By Clay Lucas
Australia’s criminalisation of cannabis possession does little to stop the drug’s availability, enriches crime gangs, and generates thousands of low-level offences among those who can least afford it.
A report released on Wednesday by the Penington Institute has found arrests in the $5-billion-a-year cannabis trade are hitting poor Australians the hardest.
Mapping of where police prosecutions for cannabis possession took place in the past five years shows 18 out of the 20 council areas with the highest per capita cannabis arrests were also the most disadvantaged. These areas had the highest unemployment, the least educational achievement and the lowest income rankings.
At the other end of the spectrum, the five most advantaged council areas had the fewest arrests for cannabis possession.
In 2016, Australia legalised medicinal cannabis, meaning patients can access cannabis products via a prescription.
This includes cannabis with tetrahydrocannabinol (THC) still in it, making it much the same as the product supplied via illegal drug dealers.
It means those with the money and time to obtain a script for cannabis can buy the drug legally. The most common reasons for a GP to prescribe cannabis are anxiety and insomnia.
In the five years to 2024, the Victorian Crime Statistics Agency reported 64,754 cannabis-related offences. About 83 per cent of these offences were for possessing or using cannabis, while another 9 per cent of charges were for low-level cannabis growing – meaning more than 90 per cent of cannabis offences were unrelated to trafficking.
The report finds that Australia’s anti-drug strategy spends about $3.5 billion on law enforcement, but less than $90 million on harm reduction. Policing of cannabis has neither reduced its availability nor its consumption.
An estimate by University of Melbourne economists valued the annual cannabis market in Australia at $5 billion and found that much of this money ended up in the hands of criminal networks.
Penington Institute chief executive John Ryan said organised crime viewed cannabis as a low-risk and steady source of revenue that helped finance higher-margin trafficking of dangerous drugs such as heroin and methamphetamine. “One senior policeman is quoted in the paper as describing cannabis as ‘the jet fuel of organised crime’,” he said.
Ryan said state and federal governments should consider allowing cannabis to be regulated in much the same way as alcohol and tobacco.
The Penington report found that the regulation of a cannabis market in parts of North America had resulted in far fewer people buying from dealers who obtained the drug illegally – meaning fewer arrests.
Ryan said that current cannabis laws in Australia “for the most part simply generate thousands of arrests for low-level cannabis use and possession offences, which disproportionately impacts people in lower socioeconomic regions”.
Regulating cannabis was, he said, a “sensible pathway” to managing its use and “reducing the harms being shouldered by those we should be striving to help”.

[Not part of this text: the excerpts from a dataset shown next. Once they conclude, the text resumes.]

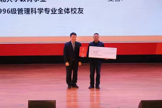 (图为:西北大学公共管理学院成立二十周年庆典中“校友向母校捐赠仪式”——1996级管理科学专业全体校友向母校捐款)
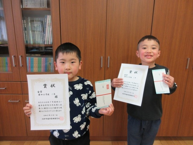 今日、給食の時間にリモートで「明るい選挙啓発習字」の表彰を行いました。金賞に輝いた1年生2人に、代表で校長先生から賞状が手渡されました。そのほかに、銀賞、銅賞に輝いた子たちの名前が呼ばれ、各クラスで担任の先生から賞状を手渡されました。今回のコンクールでは、四小からの作品が多く表彰されました。これからも書写に前向きに取り組んでいきましょう!
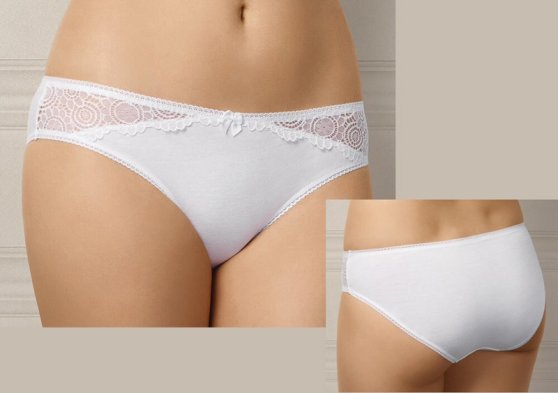 Оптовая продажа. Трусики-слипы из хлопка, передняя часть декорирована кружевом, атласный бантик.

The proposal from the Penington Institute to regulate the cannabis market for adult use is separate from the policy of medicinal cannabis implemented by state and federal governments.
This system is now in widespread use after its introduction in 2016. About 700,000 Australians use cannabis for medicinal purposes each year, Australian Institute of Health and Welfare figures show.

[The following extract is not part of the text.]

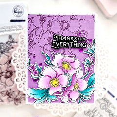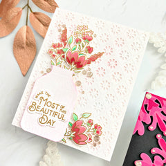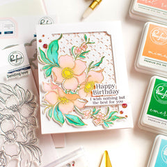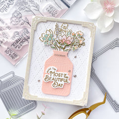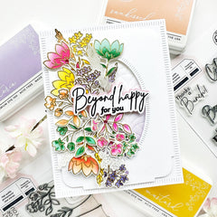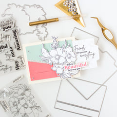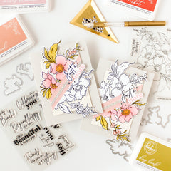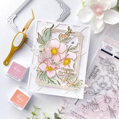 4 x 6 photopolymer clear stamp set designed by Manushree Mishra. Made to coordinate with the Nothing but the Best die set & Nothing but the Best layering stencil set. Available for purchase separately. This beautiful floral cluster showcases three main flowers plus a...- $16.00

Before regulated access in 2016, Australians got their cannabis from outlawed suppliers. Doctors this week warned that the use of cannabis for medicinal purposes was leading to a significant increase in people being hospitalised with psychosis.
Victorian opposition mental health spokeswoman Emma Kealy said that opening the doors to a regulated cannabis market, as proposed by the Penington Institute, would push the state’s “mental health crisis to breaking point, and all Victorians would pay the price”.
“Access to drug and alcohol support services is already critically low in Victoria,” Kealy said. “While demand for rehabilitation and counselling keeps increasing in Victoria, services are struggling to meet demand following successive funding cuts.”
A spokeswoman for the Victorian government said there were no plans to legalise cannabis for personal use.
“We’ve been a leader in delivering access to medicinal cannabis for those who need it, and acknowledge the importance of the issue to many members of the community,” she said. “We continue to engage with the community and experts to hear people’s diverse perspectives and experiences.”
Victoria was the first Australian jurisdiction to implement legal access to medicinal cannabis, spurring subsequent Commonwealth policy changes.